> [Exercise details] Only an exact copy of the entries, stripped of pictures, will serve as the answer.

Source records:
-- -- --

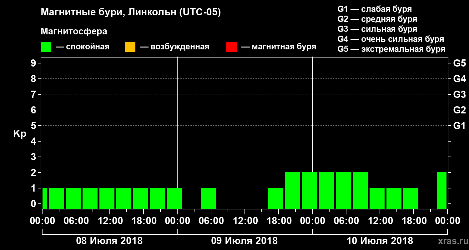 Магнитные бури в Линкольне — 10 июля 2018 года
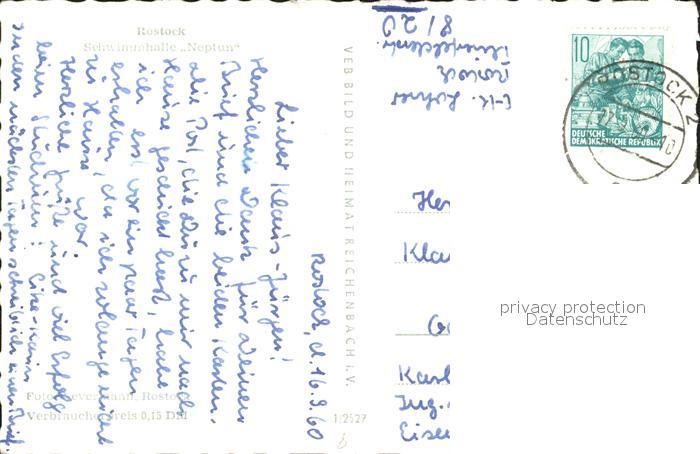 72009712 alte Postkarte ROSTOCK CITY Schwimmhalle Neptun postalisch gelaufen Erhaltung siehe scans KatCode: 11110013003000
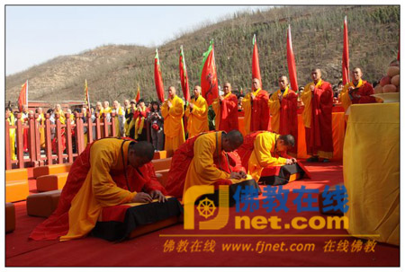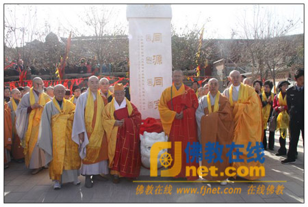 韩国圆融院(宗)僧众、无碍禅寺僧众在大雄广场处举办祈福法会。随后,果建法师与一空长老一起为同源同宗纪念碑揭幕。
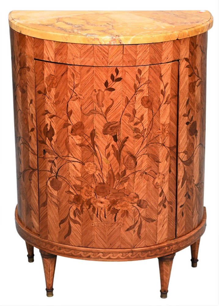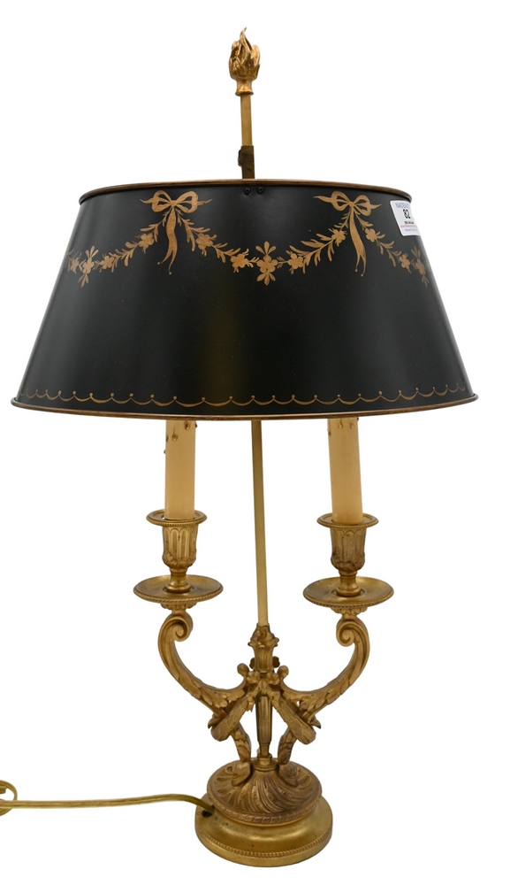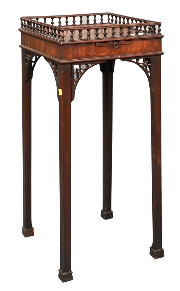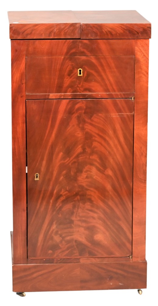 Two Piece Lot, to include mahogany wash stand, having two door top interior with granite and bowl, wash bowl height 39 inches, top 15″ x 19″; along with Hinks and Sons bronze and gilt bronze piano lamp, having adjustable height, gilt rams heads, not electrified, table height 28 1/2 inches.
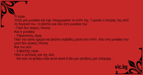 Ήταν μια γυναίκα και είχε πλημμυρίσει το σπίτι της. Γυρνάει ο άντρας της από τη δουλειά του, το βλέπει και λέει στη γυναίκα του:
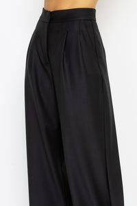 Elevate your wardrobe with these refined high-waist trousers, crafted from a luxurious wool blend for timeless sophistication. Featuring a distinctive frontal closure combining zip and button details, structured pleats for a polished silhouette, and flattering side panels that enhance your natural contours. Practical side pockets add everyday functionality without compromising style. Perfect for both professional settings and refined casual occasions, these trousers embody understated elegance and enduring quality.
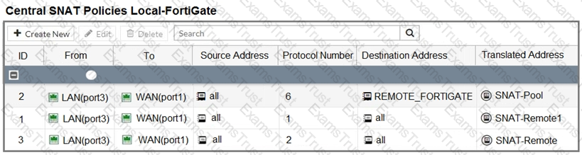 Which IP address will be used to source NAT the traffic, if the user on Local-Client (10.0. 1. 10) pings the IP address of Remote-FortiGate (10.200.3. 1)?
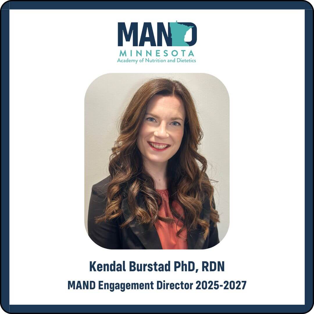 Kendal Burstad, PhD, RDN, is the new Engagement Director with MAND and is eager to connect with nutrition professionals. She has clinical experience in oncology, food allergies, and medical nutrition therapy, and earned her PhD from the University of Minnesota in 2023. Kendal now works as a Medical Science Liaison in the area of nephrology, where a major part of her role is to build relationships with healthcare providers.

-- -- --

> [Expected output]
 Магнитные бури в Линкольне — 10 июля 2018 года
 72009712 alte Postkarte ROSTOCK CITY Schwimmhalle Neptun postalisch gelaufen Erhaltung siehe scans KatCode: 11110013003000
 韩国圆融院(宗)僧众、无碍禅寺僧众在大雄广场处举办祈福法会。随后,果建法师与一空长老一起为同源同宗纪念碑揭幕。
 Two Piece Lot, to include mahogany wash stand, having two door top interior with granite and bowl, wash bowl height 39 inches, top 15″ x 19″; along with Hinks and Sons bronze and gilt bronze piano lamp, having adjustable height, gilt rams heads, not electrified, table height 28 1/2 inches.
 Ήταν μια γυναίκα και είχε πλημμυρίσει το σπίτι της. Γυρνάει ο άντρας της από τη δουλειά του, το βλέπει και λέει στη γυναίκα του:
 Elevate your wardrobe with these refined high-waist trousers, crafted from a luxurious wool blend for timeless sophistication. Featuring a distinctive frontal closure combining zip and button details, structured pleats for a polished silhouette, and flattering side panels that enhance your natural contours. Practical side pockets add everyday functionality without compromising style. Perfect for both professional settings and refined casual occasions, these trousers embody understated elegance and enduring quality.
 Which IP address will be used to source NAT the traffic, if the user on Local-Client (10.0. 1. 10) pings the IP address of Remote-FortiGate (10.200.3. 1)?
 Kendal Burstad, PhD, RDN, is the new Engagement Director with MAND and is eager to connect with nutrition professionals. She has clinical experience in oncology, food allergies, and medical nutrition therapy, and earned her PhD from the University of Minnesota in 2023. Kendal now works as a Medical Science Liaison in the area of nephrology, where a major part of her role is to build relationships with healthcare providers.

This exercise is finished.